Image

I progetti di Fondazione Sud per fermare la fuga di cervelli

di Tersa Munari - La Gazzetta del Sud
Gli articoli presenti nella sezione "Rassegna Stampa" sono stati selezioni e ripresi dai principali quotidiani nazionali, riviste e riviste specializzate per un aggiornamento costante sul dibattito in corso. Gli articoli, inoltre, sono riportati sul sito per la loro pertinenza con le attività/tematiche trattate dall'Associazione.


L'arroganza del crimine organizzato, la disoccupazione, il lavoro sommerso, il tasso intollerabile di clientelismo hanno minato nelle fondamenta la fiducia dei meridionali verso lo Stato. Ne è convinto il presidente della Camera Gianfranco Fini che nel suo intervento alla Camera, dove si celebravano le attività svolte dalla Fondazione per il sud, ha invocato un patto tra istituzioni e cittadini del Mezzogiorno. Fini, che al contrario di Sciascia si rifiuta di considerare il sud "irredimibile", e dunque immagina per la politica un ruolo di primo piano se solo vorrà riconoscere con i fatti le capacità che si annidano fra la gente del sud.

"I limiti del Mezzogiorno non sono nella realtà, ma nella scarsa fiducia dell'uomo nelle proprie capacità", e cambiare si può se solo la classe politica smettesse di far crescere di bisogni, per poi candidarsi come unica chance in grado di fornire le risposte che la gente attende. Per Fini il ritardo del Mezzogiorno non è dovuto alla mancanza di risorse da spendere: "Se le montagne di danari che sono state stanziate per favorire la ripresa del Sud fossero state distribuite tra tutte le famiglie meridionali, oggi sarebbero più ricche di quelle del Liechtenstein. Ma al di là dell'amara battuta, si sappia che per superare il gap nord-sud non basta avere più euro, quanto frenare "la fuga dei cervelli" soprattutto se giovani ", e bisogna farlo presto prima che si disperda il patrimonio di una futura classe dirigente.
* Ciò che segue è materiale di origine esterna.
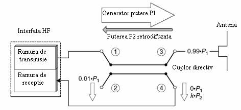 Puterea transmisa de la antena prin intermediul micilor ajustari este decuplata la portul 4 ca putere inversa.Daca cuplorul directiv are o pierdere de cuplaj buna, chiar o minima neconcordanta a transmisiei antenei(prin influentele mediului) este suficienta pentru cresterea puterii inverse la amplitudinea puterii reflectate a transponderului.Cu toate acestea, utilizarea unui cuplor directiv confera o imbunatatire semnificativa in comparatie cu nivelul coeficientului obtinut prin conectarea directa a modulului de iesire a transmitatorului cu intrarea receptorului.

Ed è proprio questo uno degli impegni assunti da ormai tre anni da Fondazione per il sud. A fare il punto ci ha pensato il presidente Carlo Borgomeo che ha ricordato i 40 mila destinatari giovani nelle sei regioni coinvolte fra le quali Calabria e Sicilia , i 110 progetti esemplari sostenuti, le 1000 organizzazioni interessate in tre anni di attività a fronte di 43 milioni di euro erogati per promuovere l'infrastrutturazione sociale del Mezzogiorno e potenziarne le tante "energie buone presenti".

"Chi conosce il Sud sa bene che il disagio è strutturale e anche fortemente diffuso - ha detto Borgomeo. - Ma tutti sappiamo che in questi territori ci sono presenze, esperienze, impegni straordinari, spesso al limite dell'eroismo, energie che non dobbiamo lasciare sole e che, soprattutto, dobbiamo essere capaci di mettere in rete".

Borgomeo ha poi introdotto il futuro: per il 2010 la Fondazione per il Sud ha già messo a disposizione circa 23 milioni di euro, di cui 2,1 a sostegno di sei progetti erogati a favore delle università del Mezzogiorno che hanno proposto iniziative esemplari per "drenare la fuga dei cervelli". Per potenziare l'offerta la Fondazione ha chiamato a raccolta le organizzazioni del volontariato e del terzo settore che operano al sud invitando tutti a qualificarsi con idee e proposte di intervento volte allo sviluppo del territorio nell'ottica di uno sviluppo locale "pluridimensionale", capace di integrare la dimensione economica con quella sociale.